For all four types of data-driven features, we construct the following representations through the analogy with natural language processing23:

• Bag-of-Words (BoW) representation, which counts the frequency of each feature in the feature construction time period.

• boolean Bag-of-Words (bBoW), which just cares about whether or not a specific feature appears in the feature construction time period.

• Term Frequency-Inverse Document Frequency (TFIDF) normalization of the BoW representation23, which suppresses the impact of highly prevalent features (which could be non-informative) by weighting the feature counts by the inverse of its popularity (counts) in all patients’ records.

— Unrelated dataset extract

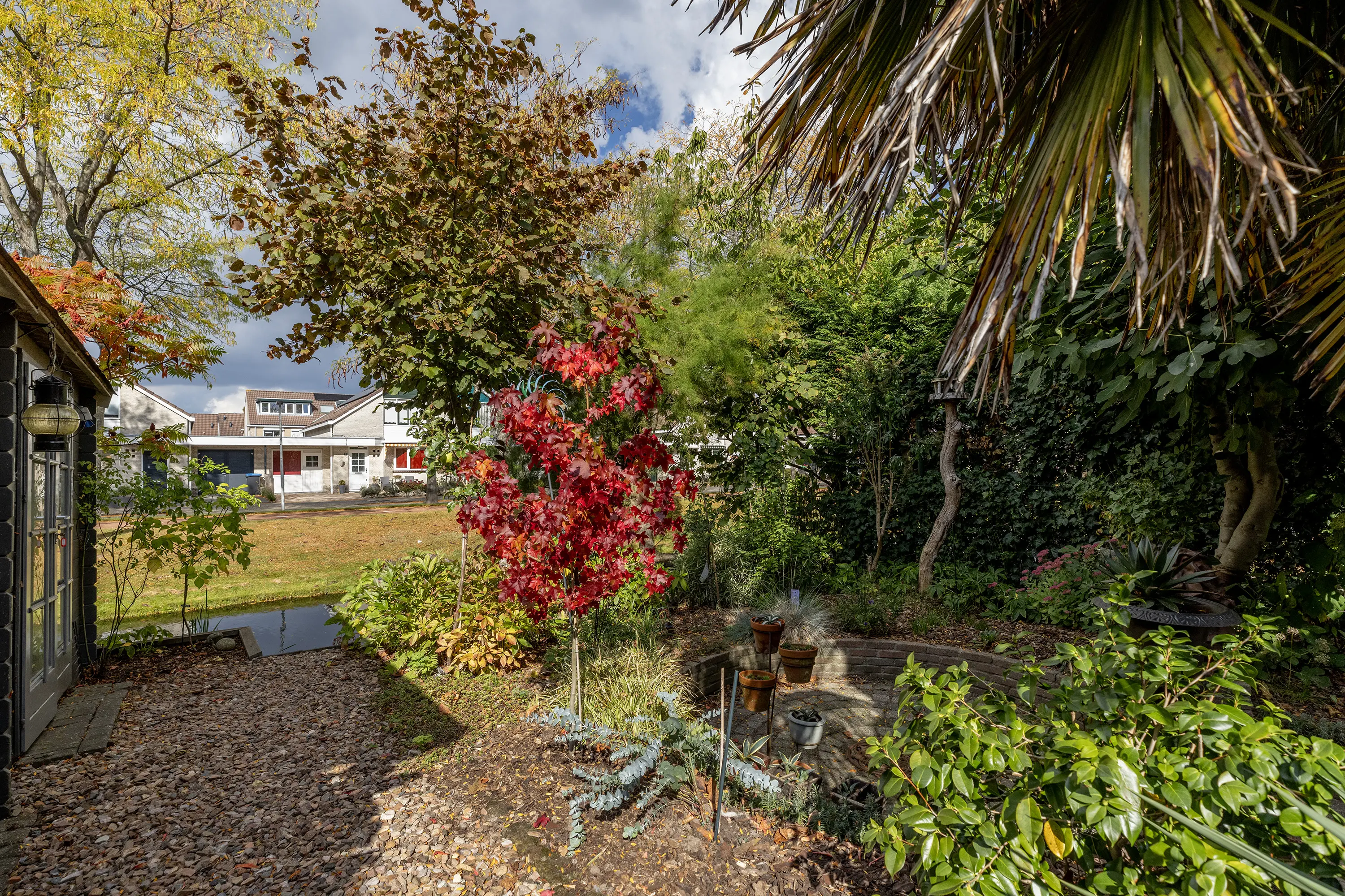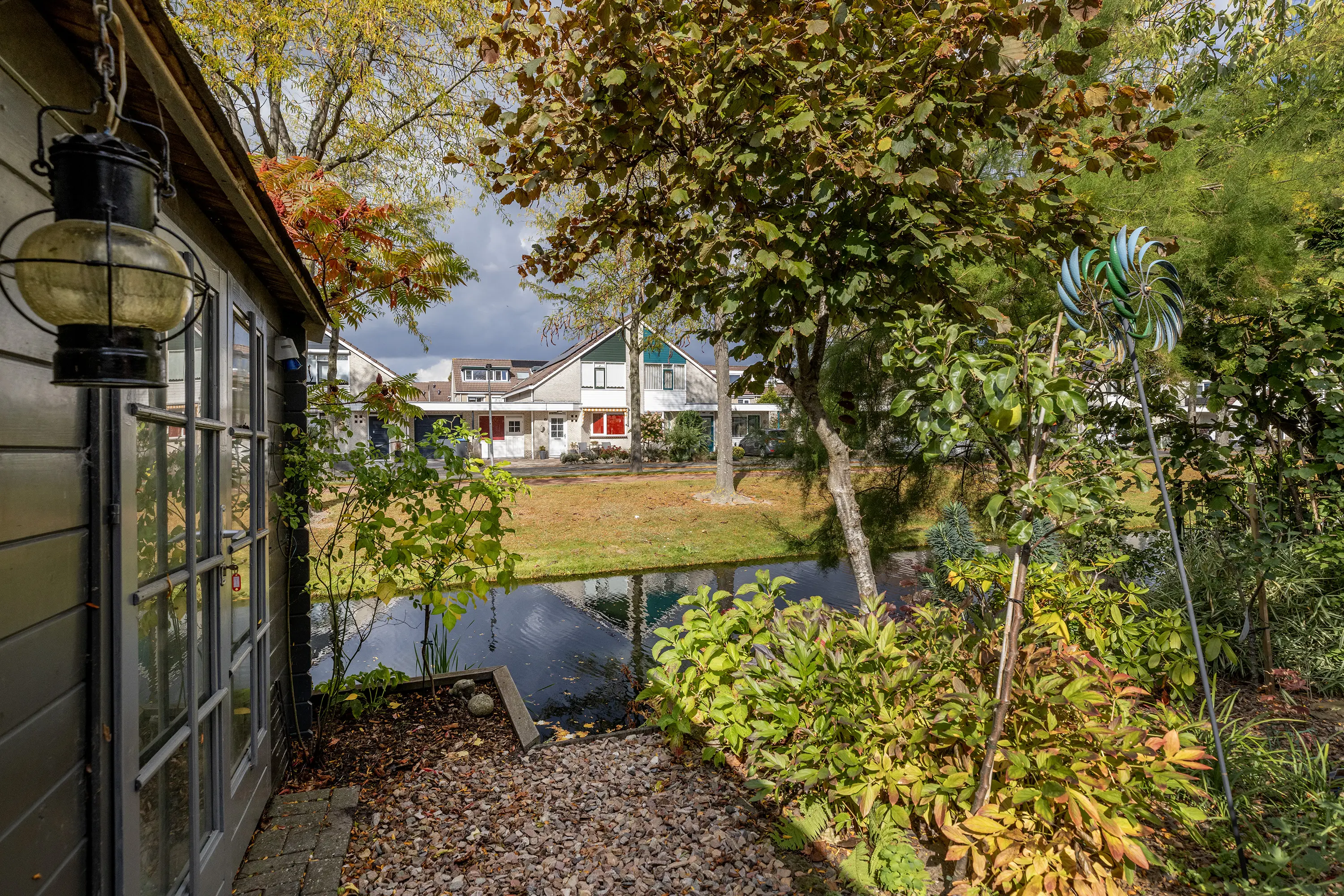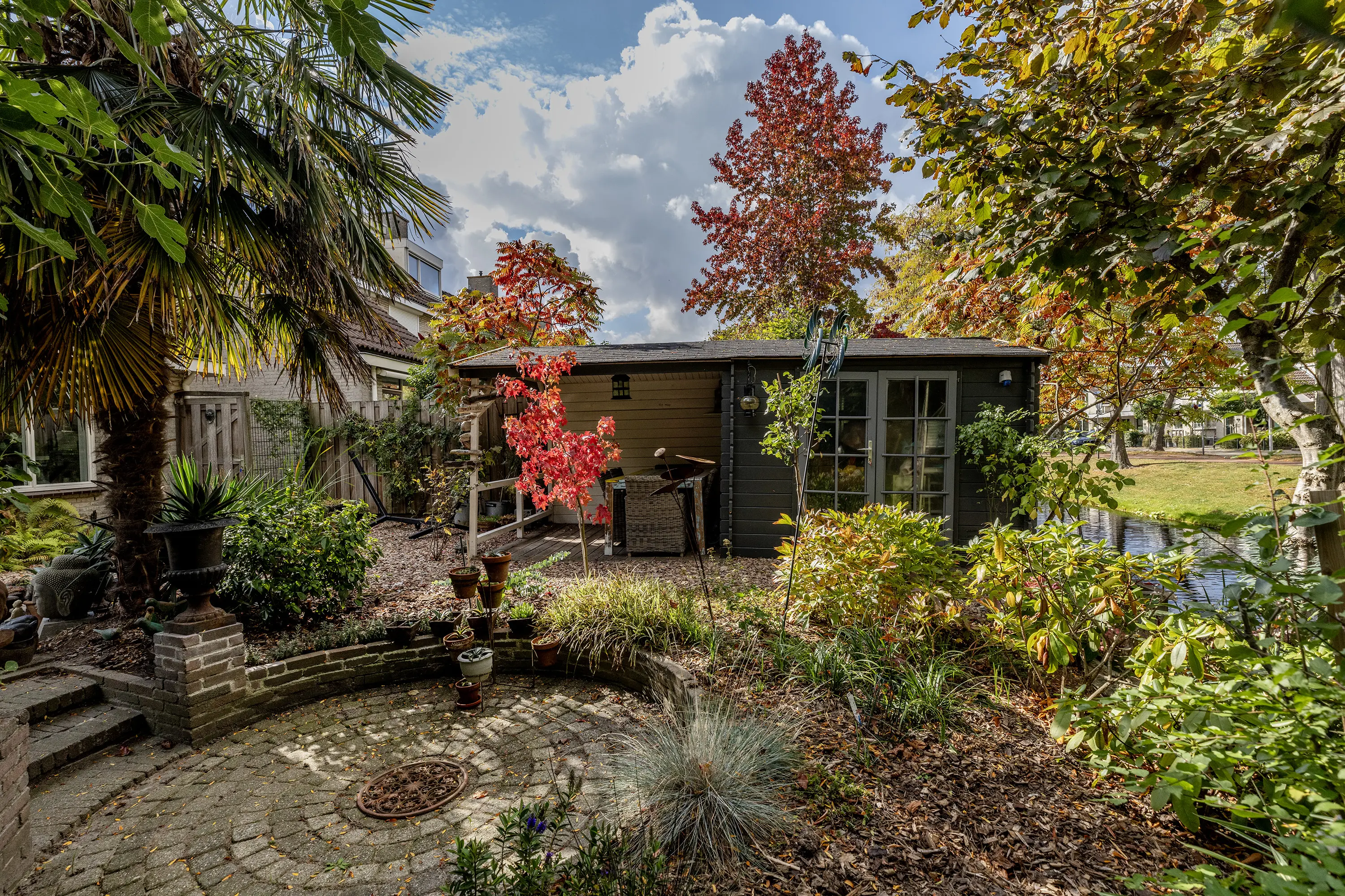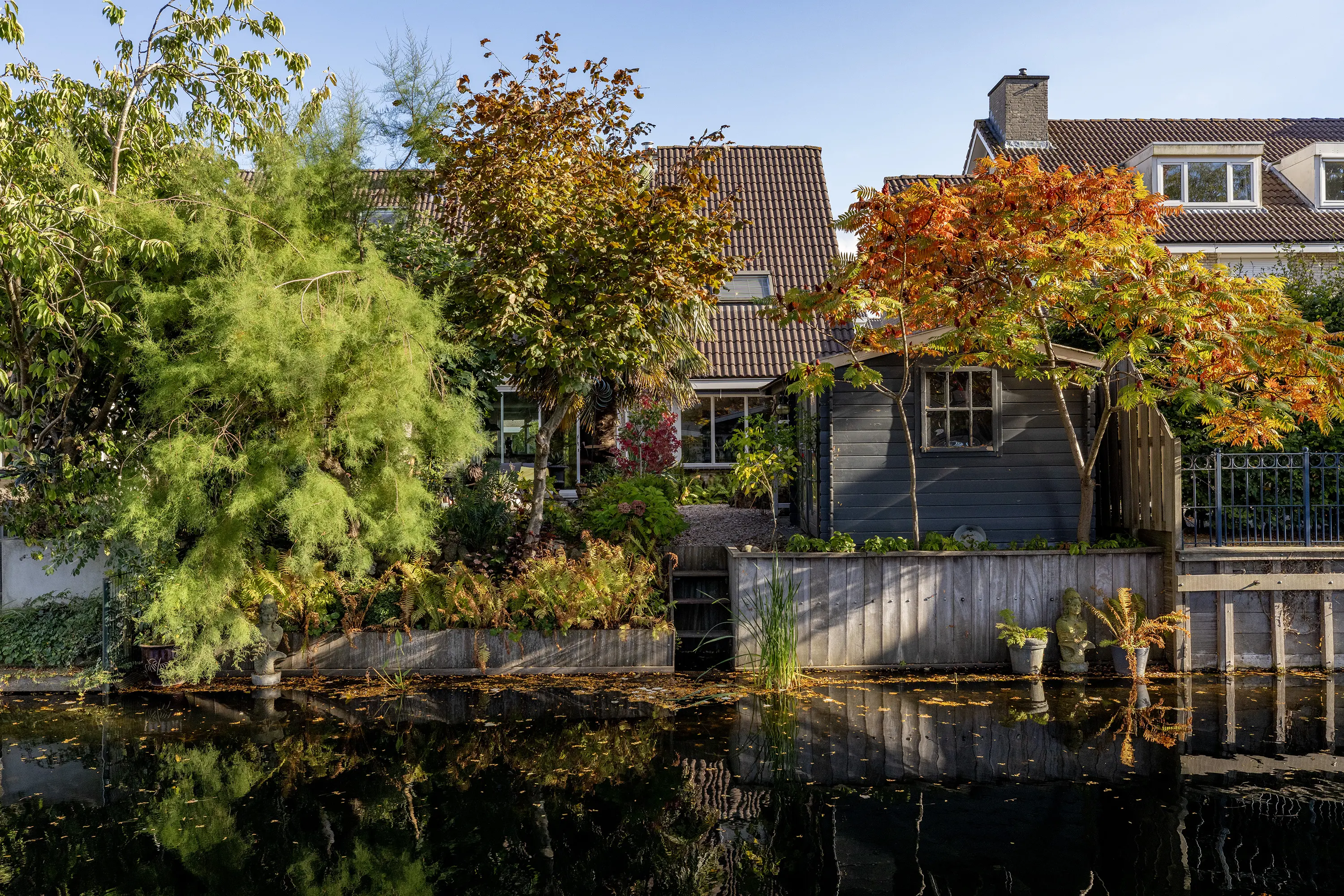 De sfeervolle achtertuin op het noordwesten is fraai aangelegd met diverse zitplekjes, veel groene beplanting en een houten berging met aangebouwde overkapping. Achterin de tuin bereikt u via een trappetje de vlonder aan het water, een heerlijke plek om te ontspannen met uitzicht over het water.

For both knowledge- and data-driven features, we use either one year or full period before the hospital discharge date as the feature construction period (also called observation window). The only exceptions are HOSPITAL score and LACE (which are defined over one year). Table 1 summarizes the dimensions of all features introduced above. In addition to the investigation of different groups of features respectively in the predictive modeling process, we also combine multiple groups of features for training the models to see how they can boost the performance

#### Model Building

After the patient features are constructed, we will feed them into a machine learning model for readmission risk prediction. The following models are considered in this paper: (1) Logistic regression and its variants (with $${\ell }_{1}$$ or $${\ell }_{2}$$ norm regularizations); (2) Random F orest; (3) Support Vector Machine (SVM)24, where we only consider the linear case; (4) Gradient Boosting Decision Tree (GBDT)25; (5) Multi-Layer Perceptron (MLP)14. We introduce more details of these models below.

• Logistic Regression (LR). Logistic regression is a popular model in applied health service research. It can be used to explain the relationship between one dependent binary variable and one or more independent variables. Mathematically, we model the probability logit (which is the log-odds) of the probability of an event, as a linear combination of predictive variables, i.e., $$logit(p(y=\mathrm{1|}{\bf{x}};{\bf{w}}))={{\bf{w}}}^{T}{\bf{x}}$$, where $$logit(p)=\,\mathrm{log}(\frac{p}{1-p})$$. The regression coefficients w are usually estimated through the maximum likelihood estimation (MLE) procedure, which is equivalent to minimize the negative total data log-likelihood as $${\bf{w}}={\rm{\arg }}\,{{\rm{\min }}}_{{\bf{w}}}-{\sum }_{i}^{N}\,\mathrm{log}\,p({y}_{i}|{{\bf{x}}}_{i};{\bf{w}})$$.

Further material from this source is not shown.